Fig. 2: Association between transdiagnostic genetic liabilities and cumulative disease burden from the quasi-Possion models.

Results are derived from quasi-Possion regression models based on 4028 AN cases with number of unique clinical diagnoses (any, psychiatric, somatic), prescriptions (any, antipsychotics, antidepressants) and inpatient days (any, due to EDs) as outcomes. For each of the eight outcomes, we constructed six models with PRSshared (A), PRSAN-specific (B), PRSOCS-specific (C), PRSMDD-specific (D), PRSSCZ-specific (E) and PRSANX-specific (F) as exposure variable, respectively.
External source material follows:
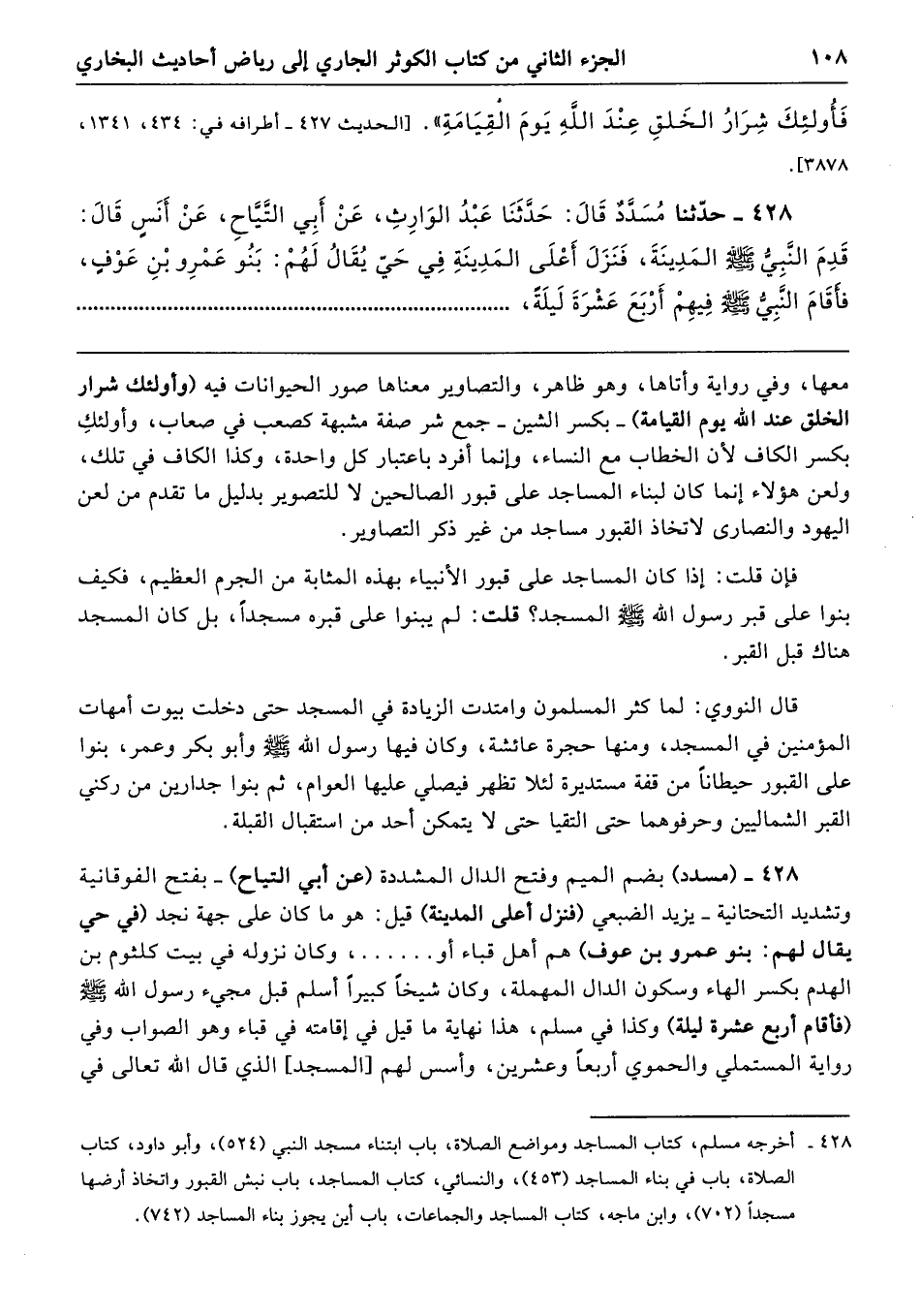 428 - (مسدد) بضم الميم وفتح الدال المشددة (عن أبي التياح) -بفتح الفوقانية وتشديد التحتانية- يزيد الضبعي (فنزل أعلى المدينة) قيل: هو ما كان على جهة نجد (في حي يقال لهم: بنو عمرو بن عوف) هم أهل قباء أو ...... ، وكان نزوله في بيت كلثوم بن الهدم بكسر الهاء وسكون الدال المهملة، وكان شيخًا كبيرًا أسلم قبل مجيء رسول الله - صلى الله عليه وسلم - (فأقام أربع عشرة ليلة) وكذا في مسلم، هذا نهاية ما قيل في إقامته في قباء وهو الصواب وفي رواية المستملي والحموي أربعًا وعشرين، وأسس لهم [المسجد، الذي قال الله تعالى في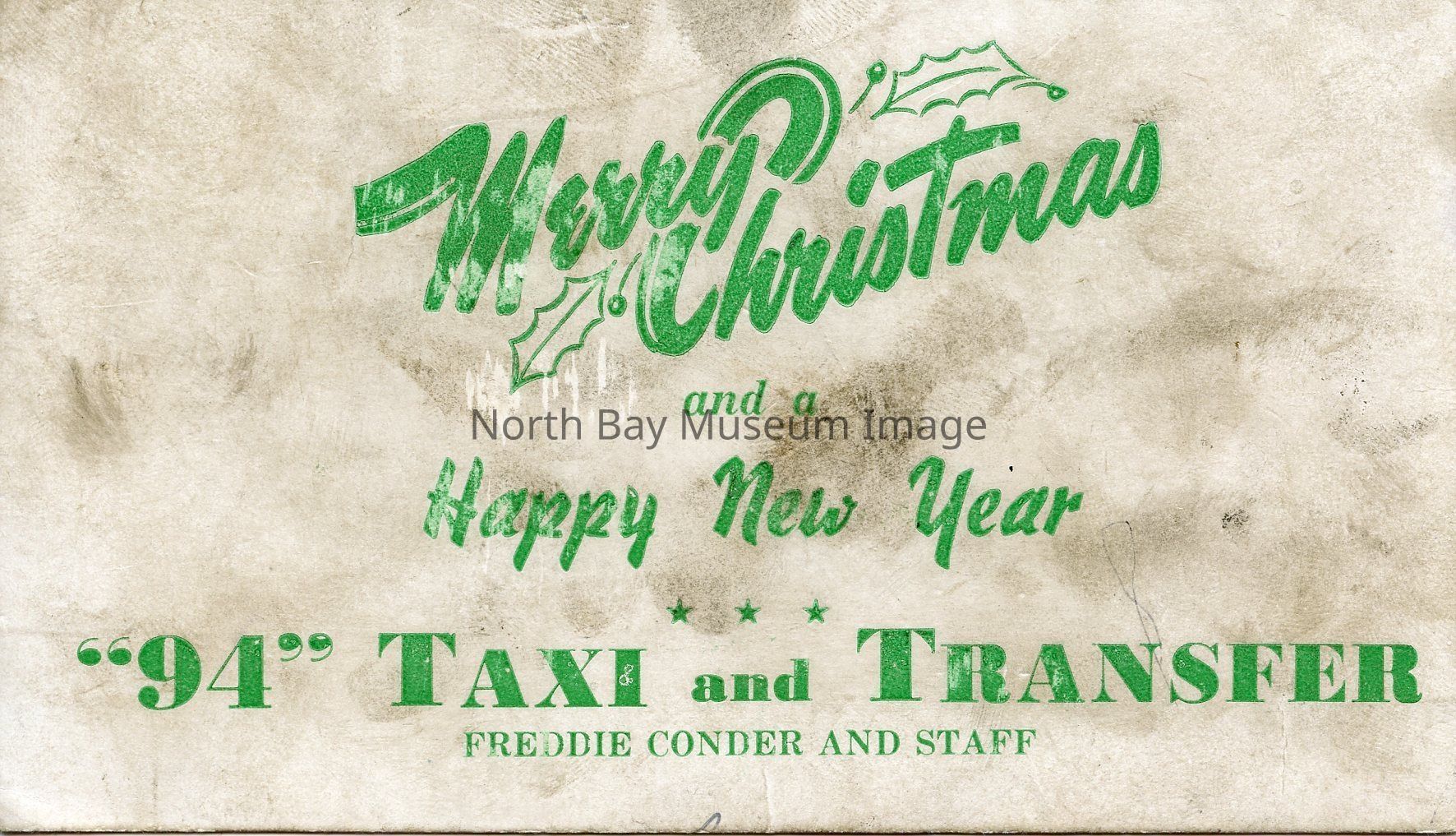 This is a white blotter. The blotter has the dimensions of 3.5 inch x 6 inch. The card reads "Merry Christmas and a Happy New Year-94." This is a Taxi and Transger, Freddie Corner and Staff card.

Incidence rate ratios indicate the risk estimates for +1 SD increase of PRS. Sex, birth year and first 10 ancestry-informative principal components were adjusted for in all models. The points represent incidence rate ratio estimates, and the error bars indicate 95% confidence intervals. Blue points represent effect estimates for clinical diagnoses, red points represent effects for medication prescriptions and yellow points represent effects for inpatient days. “*” represents association that remained significant after Bonferroni correction. “#” represents trending association at P < 0.05 but was not significant after Bonferroni correction. PRS polygenic risk scores, EDs eating disorders, IRR incidence rate ratio, 95%CI 95% confidence interval, AN anorexia nervosa, SCZ schizophrenia, OCS obsessive-compulsive symptoms, MDD major depressive disorder, ANX anxiety disorders.